Já adolescente, após uma provocação, sua mãe ficou furiosa com a reação dela e exigiu que se ele não tivesse nada de gentil para dizer, que não falasse com ela.
“Foi quando eu parei de falar com ela. Eu não disse uma palavra para ela por dois anos.”
Apesar dessa situação, seus pais nunca a levaram para terapia e ela nunca confrontou sua mãe (já falecida) com a situação.
“Eu assumi que eu era um ser monstruoso e maligno, algo muito comum entre aqueles que sofrem de misofonia. Eu não sabia que era uma condição, achava que era uma falha na minha personalidade e sofri em silêncio.”
O que acontece no cérebro?
Cerca de 10 anos atrás, os pesquisadores Sukhinder Kumar, da Universidade de Iowa, nos EUA, e Tim Griffiths, da Universidade de Newcastle, no Reino Unido, realizaram um estudo no qual tocaram um conjunto inteiro de sons para voluntários classificarem de acordo com o quão suportáveis eles eram.
Ao mesmo tempo, eles observaram por meio de ressonância magnética (RM) a atividade cerebral de quem experimentou aquela gama de sons e a correlacionaram com a avaliação pessoal que fizeram de cada som.
O que eles descobriram foi uma interação em duas regiões-chave do cérebro: o córtex auditivo (a parte associada à audição) e a amígdala ou corpo amigdaloide, uma estrutura geralmente envolvida em processos emocionais e mais especificamente na atribuição de valências emocionais ou psicológicas a certos eventos ou estímulos.
“Essas duas regiões se alimentavam de informações”, disse à BBC o neurocientista Phillip Gander, que continua explorando o estudo de seus colegas Kumar e Griffiths.
“Uma região dizia ‘eu tenho esses tipos de sons’ e a outra região estava dizendo ‘eu realmente não gosto deles e essa é a reação que você deveria ter'”, explicou Gander, especialista em distúrbios auditivos no Universidade de Iowa.
Em relação à misofonia, suas apurações, e a de Kumar e Griffiths, indica que as regiões ativadas do cérebro têm a ver com mecanismos de controle e aprendizado e, muito importante, com mecanismos que englobam a experiência do nosso mundo interior.
“Se relaciona a como o nosso mundo externo (percepção) corresponde ao nosso mundo interno (interocepção) e como nosso cérebro avalia esses eventos.”
“Minha voz e minha mandíbula”
Grace e seu marido tiveram a sorte de encontrar um bom psicólogo familiarizado com a misofonia muito perto de onde moram. Eles fazem sessões familiares e individuais.
Mas, embora tenha dado a eles ferramentas para entender Matthew, ainda é uma situação difícil de enfrentar.

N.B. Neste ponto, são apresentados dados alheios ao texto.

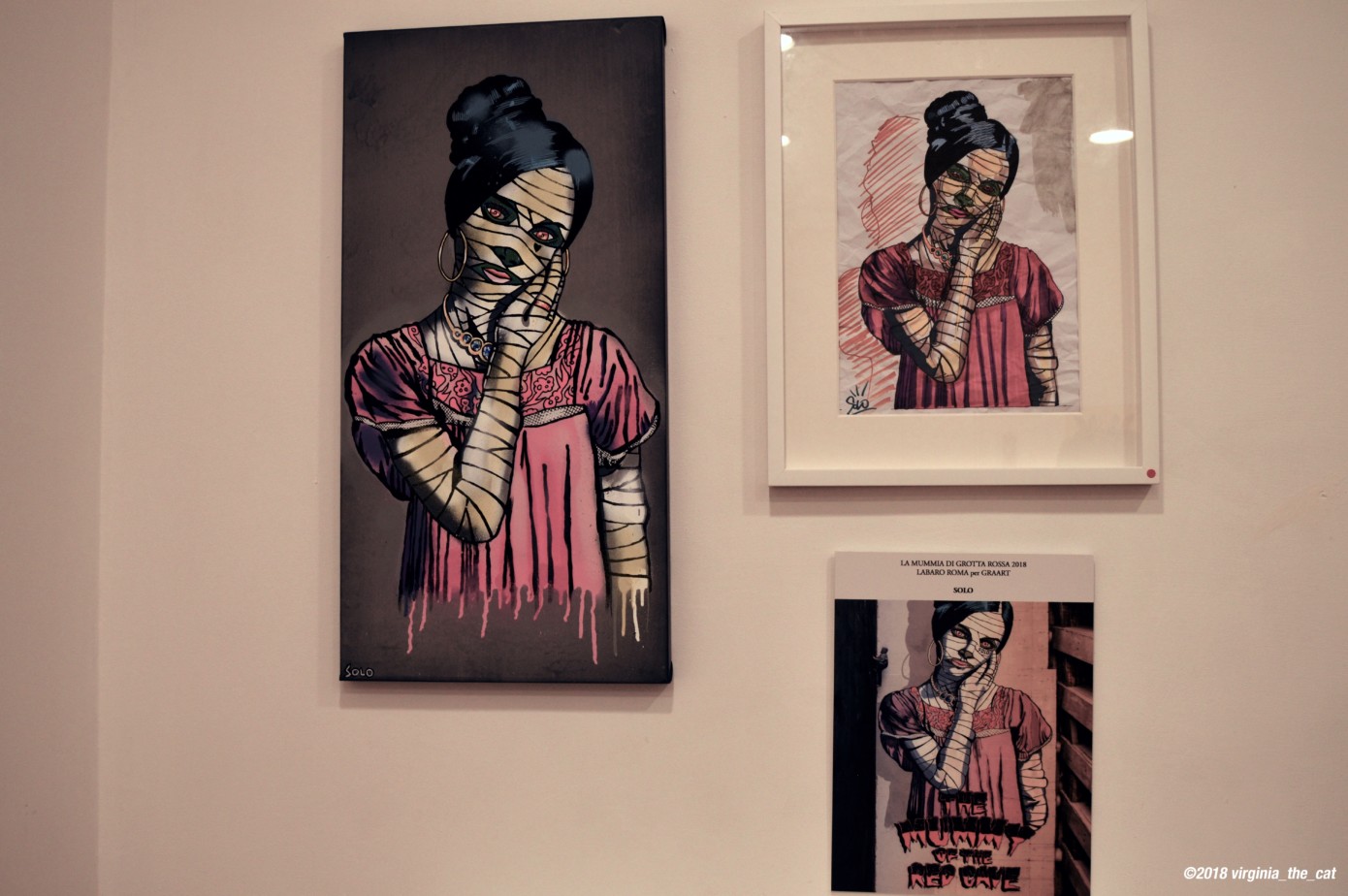 In realtà abbiamo riproposto i nostri muri più emblematici su tela, abbiamo deciso di esporre tutto il processo creativo che si compone di: foto del muro in questione, tela che lo riproduce e bozzetto originale che prepariamo per dipingere.
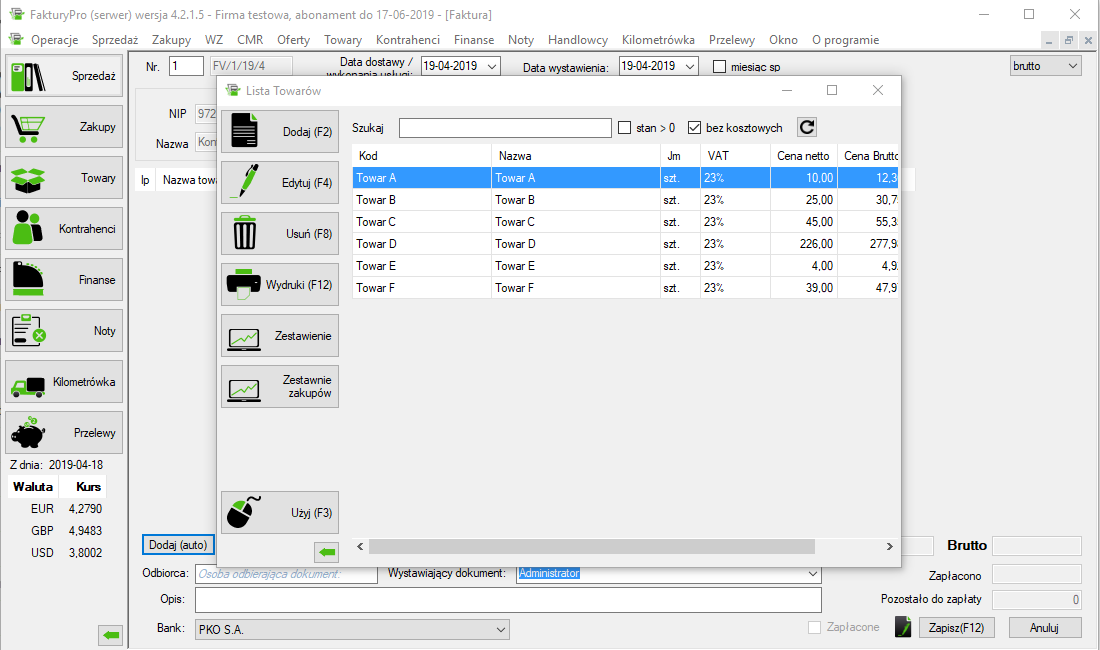 Po kliknięciu w Dodaj towar znajdzie się na liście w dokumencie.
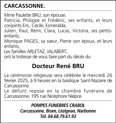 Décédé à Carcassonne (11000) le samedi 22 février 2025 à l'âge de 86 ans
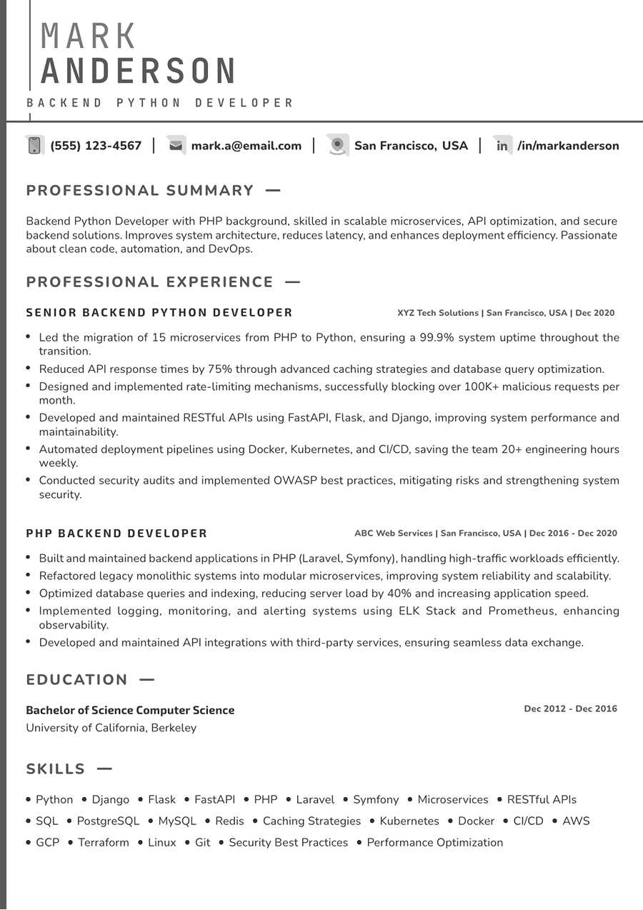 Employment History SENIOR BACKEND PYTHON DEVELOPER at XYZ Tech Solutions From 2021-01 to Led the migration of 15 microservices from PHP to Python, ensuring a 99.9% system uptime throughout the transition.Reduced API response times by 75% through advanced caching strategies and database query optimization.Designed and implemented rate-limiting mechanisms, successfully blocking over 100K+ malicious requests per month.Developed and maintained RESTful APIs using FastAPI, Flask, and Django, improving system performance and maintainability.Automated deployment pipelines using Docker, Kubernetes, and CI/CD, saving the team 20+ engineering hours weekly.Conducted security audits and implemented OWASP best practices, mitigating risks and strengthening system security.
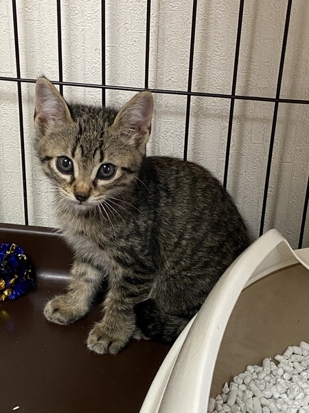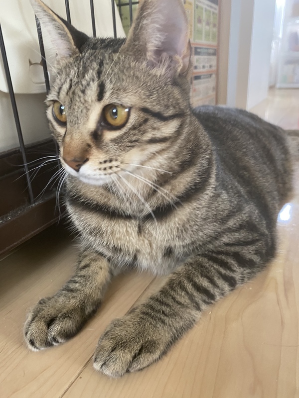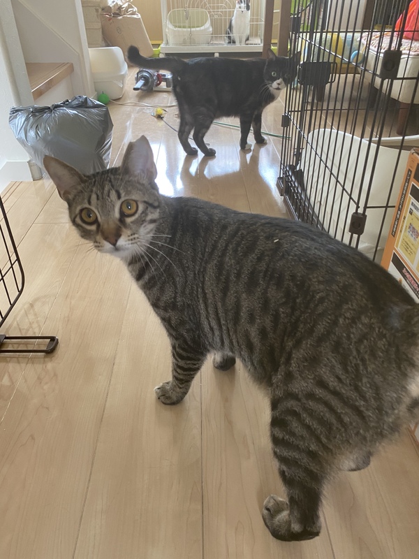 | 特徴(性格など) | 食欲もあり体格も良く順調に成長しています。優しい子で痛いじゃれかたしません。 エイズ白血病陰性。 |
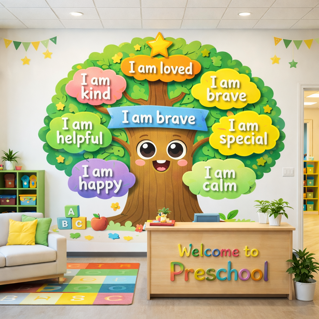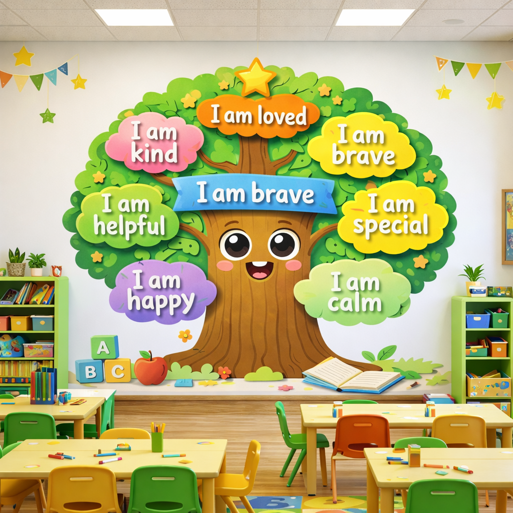 Every morning, a child wakes up and sees a smiling tree whispering powerful words: I am kind. I am brave. I am loved.
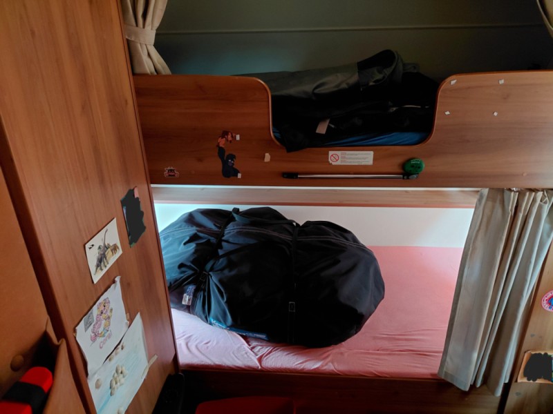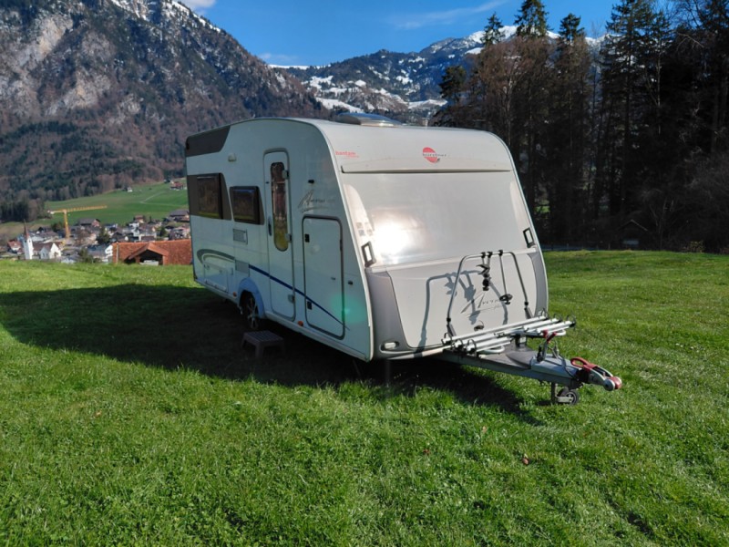 View original textHeating (gas) Air conditioning (electric cooling/heating) Toilet Kitchen with 3 gas burners. Refrigerator (electric car/cable) Bunk bed at the front (90cm lower, 80cm rounded upper) Drop-down bed 140cm above seating area Bike racks (3x) Small garage (when lower bunk bed is folded up)
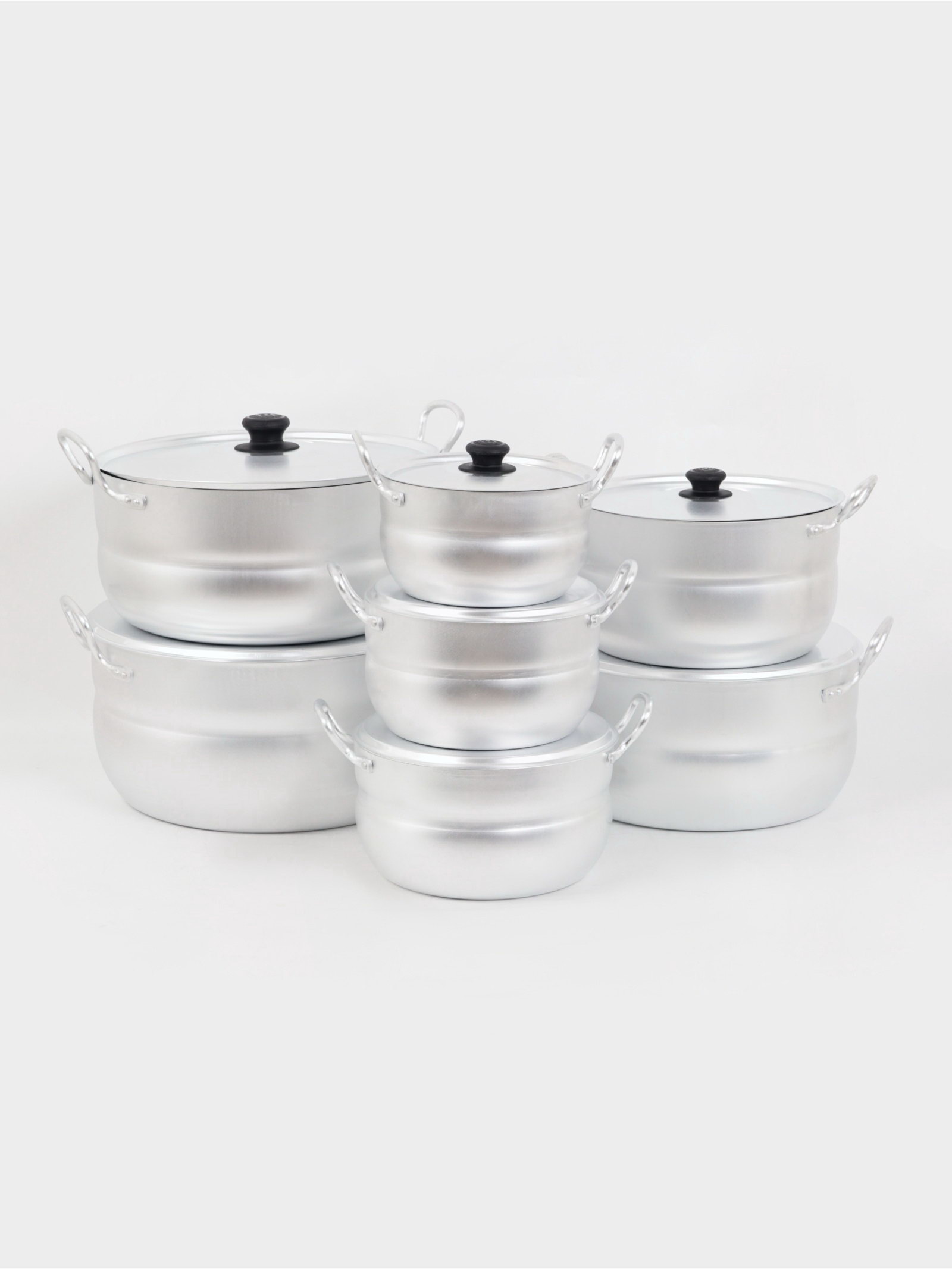 Набор кастрюль "Матрёшка", 7 предметов: 1.7 л, 2.5 л, 3 л, 4.5 л, 6 л, 8 л, 10 л, металлические ручки и крышки, листовой алюминий 1.5-1.75 мм, серебристая, Белая калитва, Россия
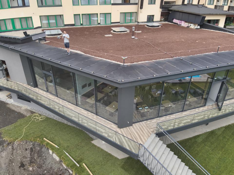 Flachdachabdichtungen mit Villas Dachbahnen Villatop Duo in anthrazit
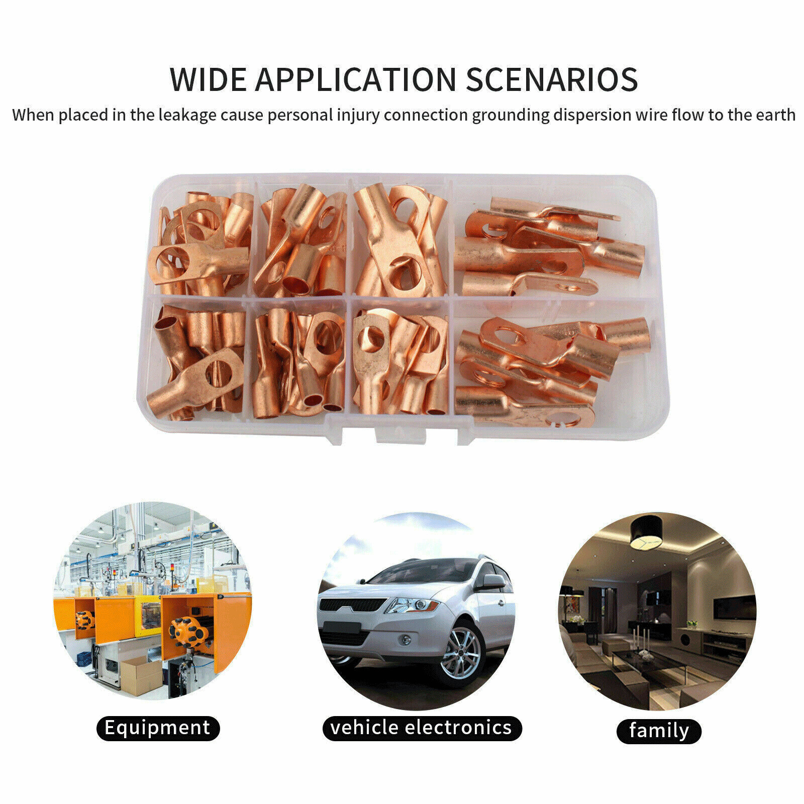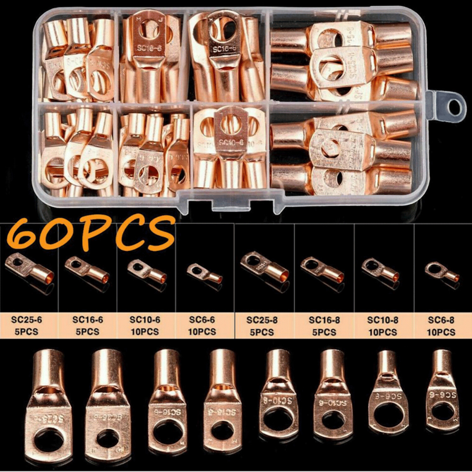 60pcs Copper Wire Lugs Battery Cable Ends Terminal Connectors Assortment Kit

“Sou uma pessoa inquieta, me movo muito”, diz Grace. “E antes de falar faço um som quase inaudível, uma leve apiração que provoca meu filho, como também pode acontecer quando ele vê meu maxilar se mexer.”
“É algo que me faz sentir horrível, me parte o coração. Não há nada mais cruel do que seu próprio filho fugir de você, se esconder em um canto e cobrir o rosto”, detalha.
“O que mudou com a terapia é que tento lidar melhor com o fato de ser constantemente a fonte dessa repulsa”, diz Grace.
Medidas criativas
A família também reorganizou a casa.
Matthew ocupa o terceiro andar. Tem o seu próprio quarto, um banheiro e uma ampla sala. Ele vai para o local imediatamente quando chega do trabalho. Ele não fala ou vê sua mãe e eles se comunicam por texto ou e-mail.
“Todas as noites eu mando um texto para ele para ver como ele está e, em seguida, geralmente mando um e-mail mais longo contando coisas sobre a nossa vida familiar.”
Quando Matthew tem algo urgente a dizer, ele para no corredor e Grace entra em um quarto ao lado, onde ela pergunta por mensagem de texto se ela pode responder ou se deve apenas escutar.
Quando ele não está, sua mãe sobe ao terceiro andar para arrumar o local um pouco. Ela tem um caderno onde deixa recados para ele e toda semana coloca novas fotos da família, do filho e de todos juntos nos porta-retratos.
“Parece ridículo, mas tento fazer coisas para incluir Matthew na vida cotidiana e lembrá-lo o quanto o amamos e que ele continua sendo uma parte central da família, mesmo que permaneça à margem”.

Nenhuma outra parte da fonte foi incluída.